Work request: Your answer must be the exact lines from the one with "Candeeiro de Teto" to the end of the data, both included, with no pictures.
== Dataset extract ==
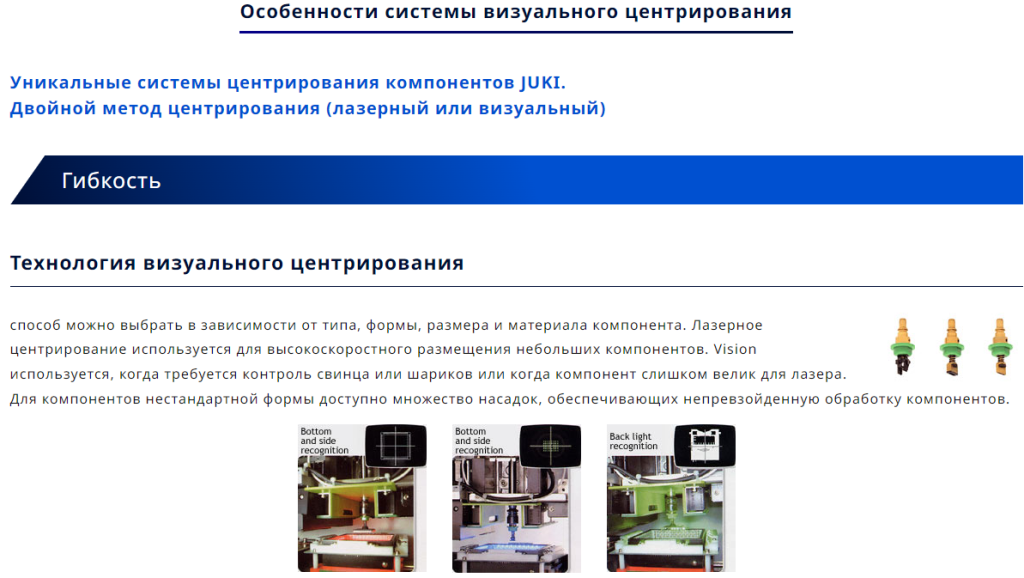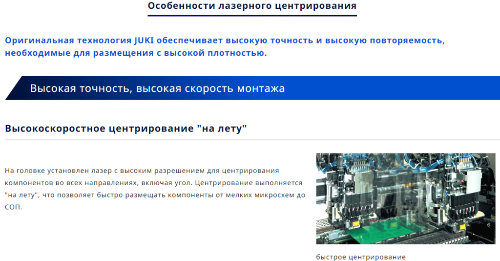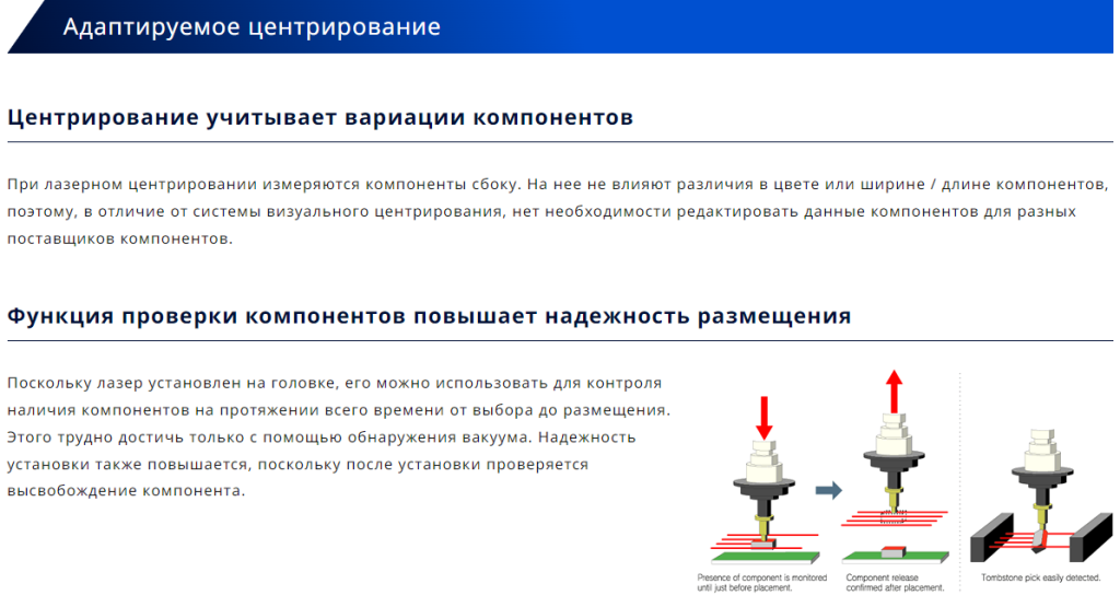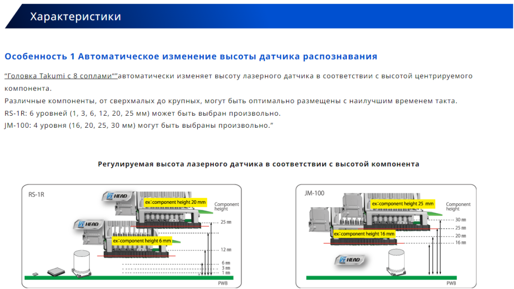 - Лазерная система для автоматического измерения высоты установки компонентов осуществляет перемещение головы на высоте 1 мм, что позволяет повысить скорость монтажа.
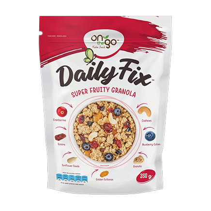 RTE Snacks Granola Daily Fix 350g is a wholesome, ready-to-eat breakfast and snack option, carefully crafted to provide a perfect balance of taste and nutrition. Packed with energy-dense rolled oats, crunchy nuts, seeds, and dried fruits, this granola is a versatile choice for health-conscious individuals and families alike. It is lightly sweetened with natural honey, offering a guilt-free indulgence for any time of the day.
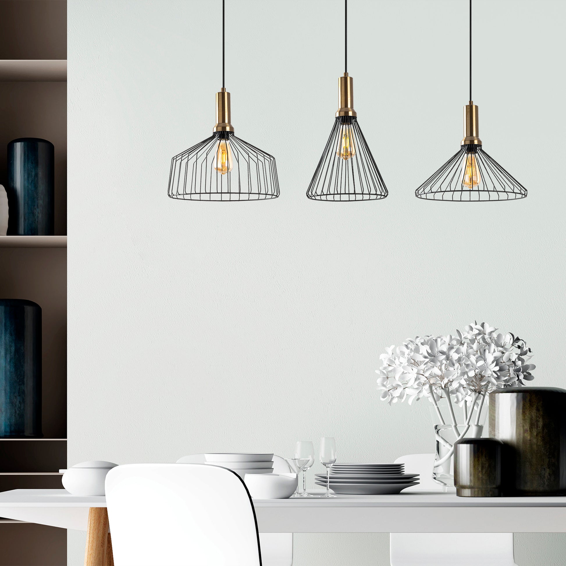 Candeeiro de Teto industrial moderno, corpo de metal, acabamento preto e antigo, 104 x 34 cm, altura ajustável de 50 a 140 cm, 3 soquetes E27, design elegante e glamouroso
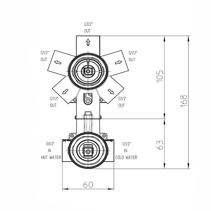 Bossini Liberty Смеситель для душа, встраиваемый, с девиаторм 1/2/3/4/5, цвет: хром
===
Solution for this task:
 Candeeiro de Teto industrial moderno, corpo de metal, acabamento preto e antigo, 104 x 34 cm, altura ajustável de 50 a 140 cm, 3 soquetes E27, design elegante e glamouroso
 Bossini Liberty Смеситель для душа, встраиваемый, с девиаторм 1/2/3/4/5, цвет: хром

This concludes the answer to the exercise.